A swift policy response can contain consumer and business expectations, and individual bank asset prices might have already priced in risks, but the recent developments are still likely to have a notable impact on the bank lending channel. Higher deposit rates and the necessity of recognizing the unrealized losses — whether sooner or later — have raised the credit spreads and reduced equity values. Declining interest-rate margins, along with the deteriorating outlook, are likely to make banks more cautious in lending. Lending capacity could be significantly impaired for smaller banks in particular.

Figure 2. Stress on banks can slow lending, but capital markets matter more

Share (in %) of U.S. bank lending in global capital

Sources: Federal Reserve Board, Bloomberg, and Putnam calculations.

Nobody knows how much of a tightening the banking stress will cause; only data will reveal over time. The impact of credit tightening might turn out less than feared. Bank funding costs might stay high, and the small-bank credit channel can be damaged, but large banks might take over some responsibility and extend credit while capital markets stay open.

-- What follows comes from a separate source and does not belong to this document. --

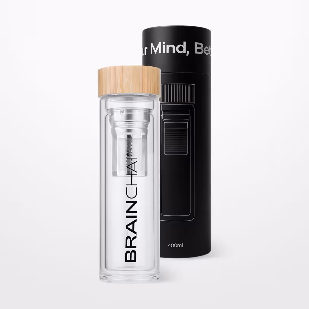 BrainChai – Премиум бутилката е стилна и практична бутилка, създадена за истинските любители на чай. Изработена от закалено стъкло с двойна стена, тя запазва напитката топла или студена до 6 часа. Вградената фина цедка позволява лесно приготвяне на чай или инфузия директно в бутилката, а бамбуковата капачка придава естествен и елегантен завършек.
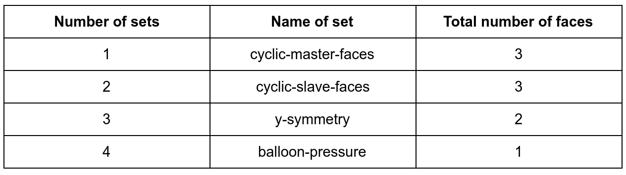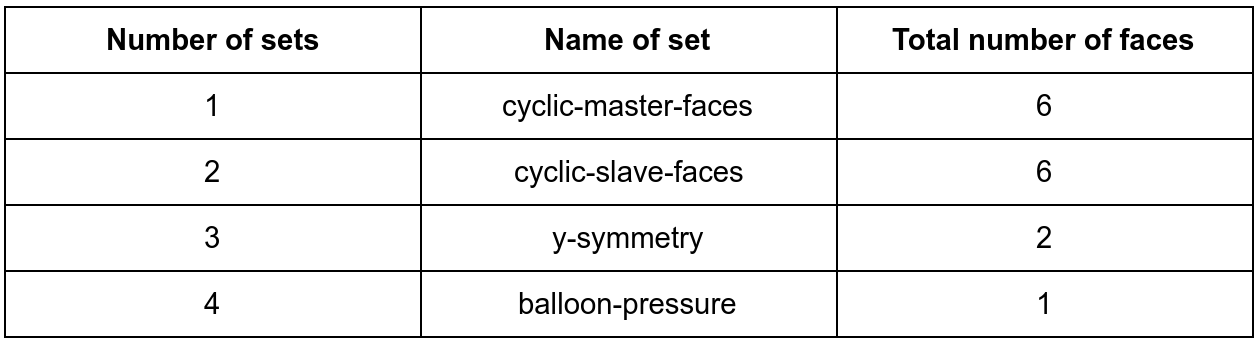 Once the topological entity sets definition is done, we will proceed to define the cyclic symmetry which we require since we have taken only a portion of our geometry. For more information on cyclic symmetry, please see the Cyclic symmetry documentation

If the impact of the bank credit channel on the overall economy happens to be small, rates stay high for longer.

The outlook for Fed policy

In our opinion, the appropriate stance for the Fed, at this point, is to maintain high rates while avoiding forward guidance as much as possible, because the level of uncertainty is high. Whether the Fed can do that is a question: The Open Market Committee desires a soft landing and is worried about a recession.

If the Fed quickly eases the policy as the markets priced in March, equity and bond prices will rise, financial conditions will loosen, and banking sector unrealized losses will ease, but sticky inflation is likely to stay. If the U.S. recession does not arrive quickly, the Fed and markets will have to, once again, face the reality of high inflation. Alan Greenspan made this mistake in 1998 by easing after Long Term Capital Management (LTCM) collapsed and had to go back to tightening policy later, which brought an end to the dot-com bubble and the economic expansion. Even Paul Volcker made a similar mistake in 1980 by easing too quickly when the U.S. economy entered a recession that was not deep enough to kill off inflation. Volcker quickly reverted to hiking, inflicting another recession to end inflation.

The Powell Fed can make similar mistakes but can revert to tightening more quickly than Greenspan and Volcker did. The Fed may not need to hike more but may need to keep rates high for longer. Some communication mistakes are possible down the road, but we believe the Fed is likely to make the right decision in the end.